Records excerpted from a collection:
#####
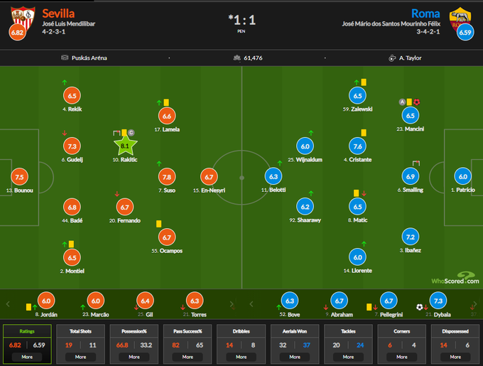 Оценки WhoScored за матч Севилья – Рома – 1:1, пен. 4:1
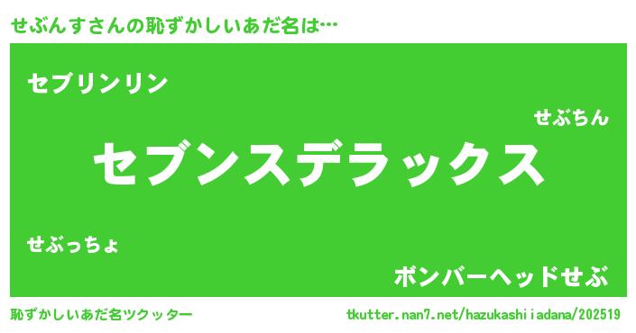| 意味不明あだ名 | 『自称せぶんす』『永久保存せぶんす』 |
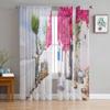 Greece Santorini Blue Roof Church Tulle Sheer Window Curtains for Living Room Kitchen Children Bedroom Voile Hanging Curtain
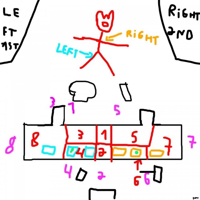 - 3 つ目の部屋には、もう 1 つあり、2 つ目の門の左側、少し離れたところにあります。残りはランダムです。1 つは 4 番目のゲートの前にあり、もう 1 つは部屋の途中にあり、最後は最後のゲートの隣にあります。
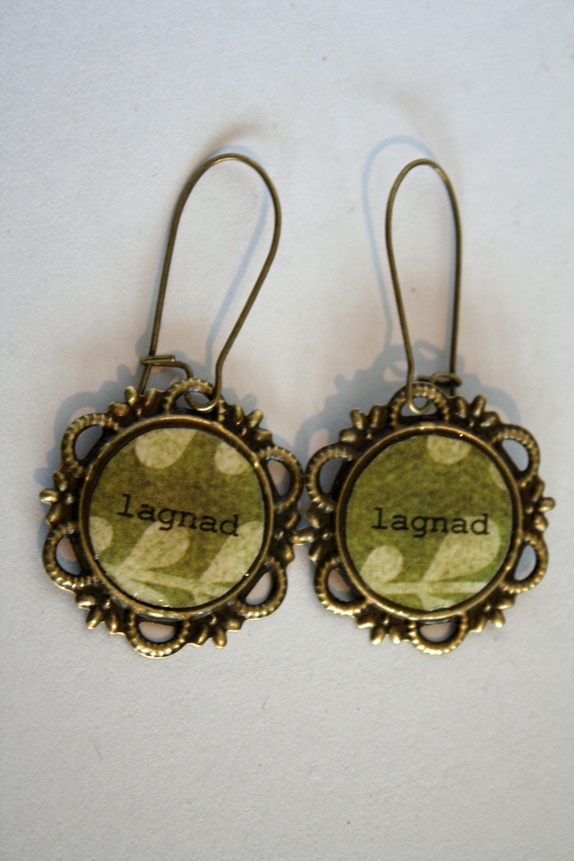 Eit par øyredobbar med nyreforma krokar. Ordet lagnad er printa på grønt scrapbookingpapir og limt på ein base av messingfarga metall. Dekt med lakk som gir blank overflate.
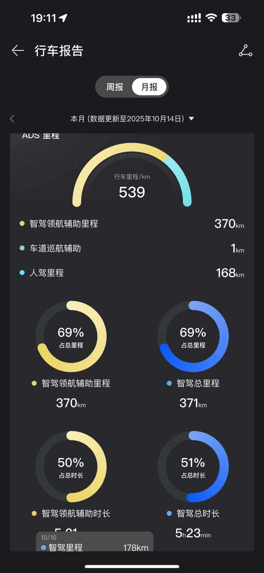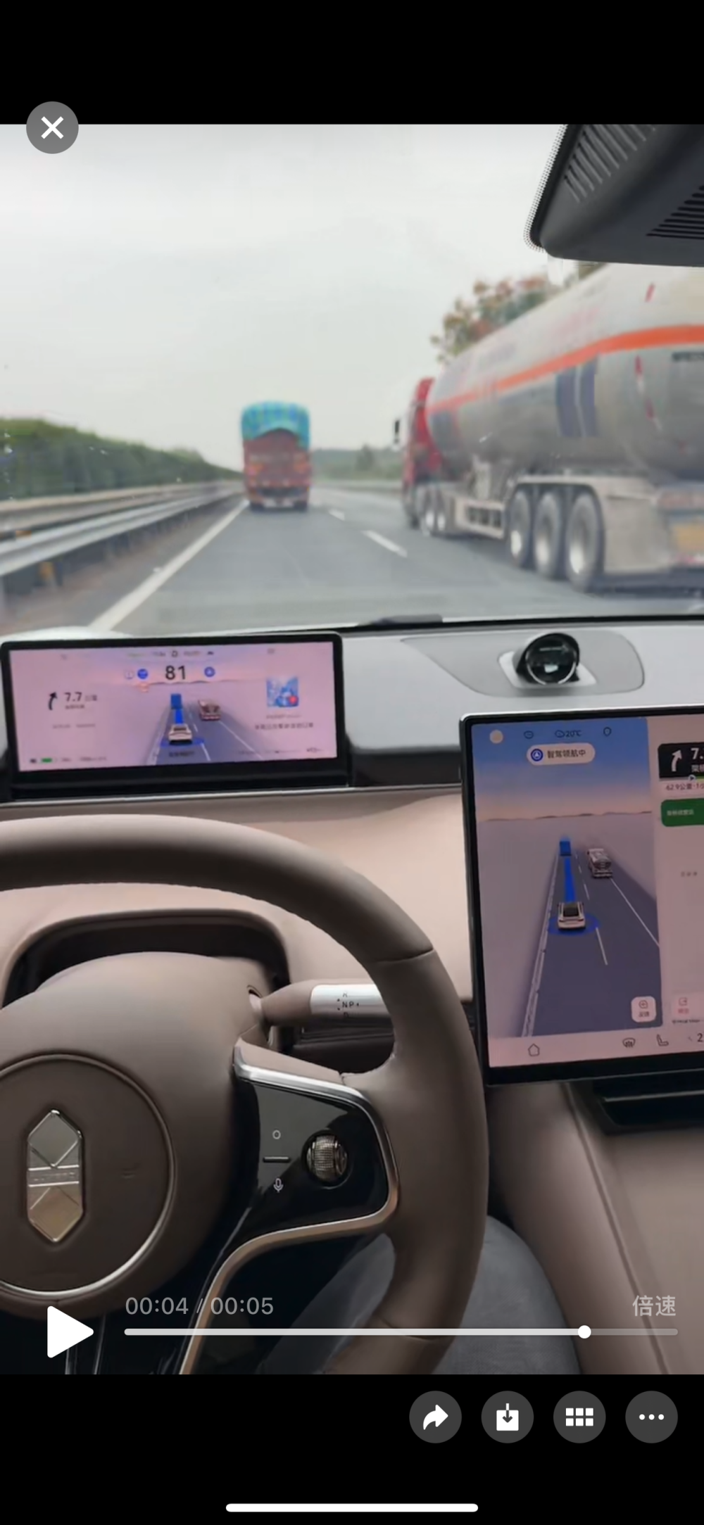 我没做很详细的续航测试,就简单说说吧。我在长沙提的车,95%的电开出来,在长沙转了大概50公里,然后上高速开回老家,这段路大概300公里。最后去充电的时候,还剩下34%的电,也就是说61%的电跑了350公里,我的是100度电版本哦😎。
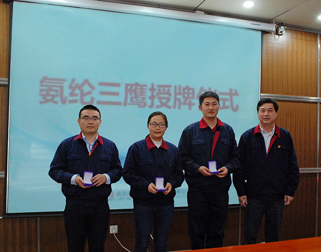 2021年5月12日下午,氨綸公司在1號會議室舉行“三鷹”授牌儀式。三鷹人才、各支部委員、勞模、五一勞動獎章獲得者等30余人參加了會議。公司黨委書記胡傳法、總經理張斌、紀委書記劉殿龍出席了儀式。
#####
Only the lines from the one containing "- 3 つ目の部屋には、もう" through the last line of the records above should be repeated, exactly and without pictures.

_Written reply_.
 - 3 つ目の部屋には、もう 1 つあり、2 つ目の門の左側、少し離れたところにあります。残りはランダムです。1 つは 4 番目のゲートの前にあり、もう 1 つは部屋の途中にあり、最後は最後のゲートの隣にあります。
 Eit par øyredobbar med nyreforma krokar. Ordet lagnad er printa på grønt scrapbookingpapir og limt på ein base av messingfarga metall. Dekt med lakk som gir blank overflate.
 我没做很详细的续航测试,就简单说说吧。我在长沙提的车,95%的电开出来,在长沙转了大概50公里,然后上高速开回老家,这段路大概300公里。最后去充电的时候,还剩下34%的电,也就是说61%的电跑了350公里,我的是100度电版本哦😎。
 2021年5月12日下午,氨綸公司在1號會議室舉行“三鷹”授牌儀式。三鷹人才、各支部委員、勞模、五一勞動獎章獲得者等30余人參加了會議。公司黨委書記胡傳法、總經理張斌、紀委書記劉殿龍出席了儀式。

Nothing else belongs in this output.